◆ Task item:
Leave out the lines before the one with "Please email or"; output that line and all remaining lines of the records exactly.

(Records excerpted from a collection)
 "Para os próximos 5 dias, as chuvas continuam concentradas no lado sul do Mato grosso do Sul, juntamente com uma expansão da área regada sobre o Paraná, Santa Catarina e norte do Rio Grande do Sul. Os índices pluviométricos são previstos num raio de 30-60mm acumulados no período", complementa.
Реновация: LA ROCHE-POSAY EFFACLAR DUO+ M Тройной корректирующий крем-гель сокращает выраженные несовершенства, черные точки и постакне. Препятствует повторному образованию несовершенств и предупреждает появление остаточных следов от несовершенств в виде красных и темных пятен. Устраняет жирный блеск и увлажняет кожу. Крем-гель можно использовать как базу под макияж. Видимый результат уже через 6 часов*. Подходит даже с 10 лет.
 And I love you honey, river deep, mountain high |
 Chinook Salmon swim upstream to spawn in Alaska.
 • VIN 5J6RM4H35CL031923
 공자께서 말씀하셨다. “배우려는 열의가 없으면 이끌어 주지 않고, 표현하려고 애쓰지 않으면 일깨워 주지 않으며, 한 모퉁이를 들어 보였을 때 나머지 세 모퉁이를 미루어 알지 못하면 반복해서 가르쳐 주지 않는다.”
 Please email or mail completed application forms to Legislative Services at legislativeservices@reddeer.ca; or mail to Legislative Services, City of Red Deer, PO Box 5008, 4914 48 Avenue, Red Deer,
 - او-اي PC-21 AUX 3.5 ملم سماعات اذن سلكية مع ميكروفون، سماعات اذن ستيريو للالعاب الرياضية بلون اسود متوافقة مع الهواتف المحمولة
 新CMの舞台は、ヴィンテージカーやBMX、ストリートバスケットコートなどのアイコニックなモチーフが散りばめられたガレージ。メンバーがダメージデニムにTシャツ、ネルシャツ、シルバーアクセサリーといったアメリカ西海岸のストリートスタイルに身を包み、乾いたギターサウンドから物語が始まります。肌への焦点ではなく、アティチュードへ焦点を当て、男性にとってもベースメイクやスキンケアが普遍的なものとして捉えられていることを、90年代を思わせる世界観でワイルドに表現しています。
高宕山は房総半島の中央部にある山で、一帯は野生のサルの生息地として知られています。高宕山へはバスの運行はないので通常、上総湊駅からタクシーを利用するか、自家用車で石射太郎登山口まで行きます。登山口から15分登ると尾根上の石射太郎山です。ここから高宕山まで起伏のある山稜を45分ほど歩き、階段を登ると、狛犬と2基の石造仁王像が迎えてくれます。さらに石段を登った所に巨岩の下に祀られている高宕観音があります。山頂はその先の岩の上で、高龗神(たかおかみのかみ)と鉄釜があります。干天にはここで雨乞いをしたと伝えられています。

◆ Result for this exercise:
 Please email or mail completed application forms to Legislative Services at legislativeservices@reddeer.ca; or mail to Legislative Services, City of Red Deer, PO Box 5008, 4914 48 Avenue, Red Deer,
 - او-اي PC-21 AUX 3.5 ملم سماعات اذن سلكية مع ميكروفون، سماعات اذن ستيريو للالعاب الرياضية بلون اسود متوافقة مع الهواتف المحمولة
 新CMの舞台は、ヴィンテージカーやBMX、ストリートバスケットコートなどのアイコニックなモチーフが散りばめられたガレージ。メンバーがダメージデニムにTシャツ、ネルシャツ、シルバーアクセサリーといったアメリカ西海岸のストリートスタイルに身を包み、乾いたギターサウンドから物語が始まります。肌への焦点ではなく、アティチュードへ焦点を当て、男性にとってもベースメイクやスキンケアが普遍的なものとして捉えられていることを、90年代を思わせる世界観でワイルドに表現しています。
高宕山は房総半島の中央部にある山で、一帯は野生のサルの生息地として知られています。高宕山へはバスの運行はないので通常、上総湊駅からタクシーを利用するか、自家用車で石射太郎登山口まで行きます。登山口から15分登ると尾根上の石射太郎山です。ここから高宕山まで起伏のある山稜を45分ほど歩き、階段を登ると、狛犬と2基の石造仁王像が迎えてくれます。さらに石段を登った所に巨岩の下に祀られている高宕観音があります。山頂はその先の岩の上で、高龗神(たかおかみのかみ)と鉄釜があります。干天にはここで雨乞いをしたと伝えられています。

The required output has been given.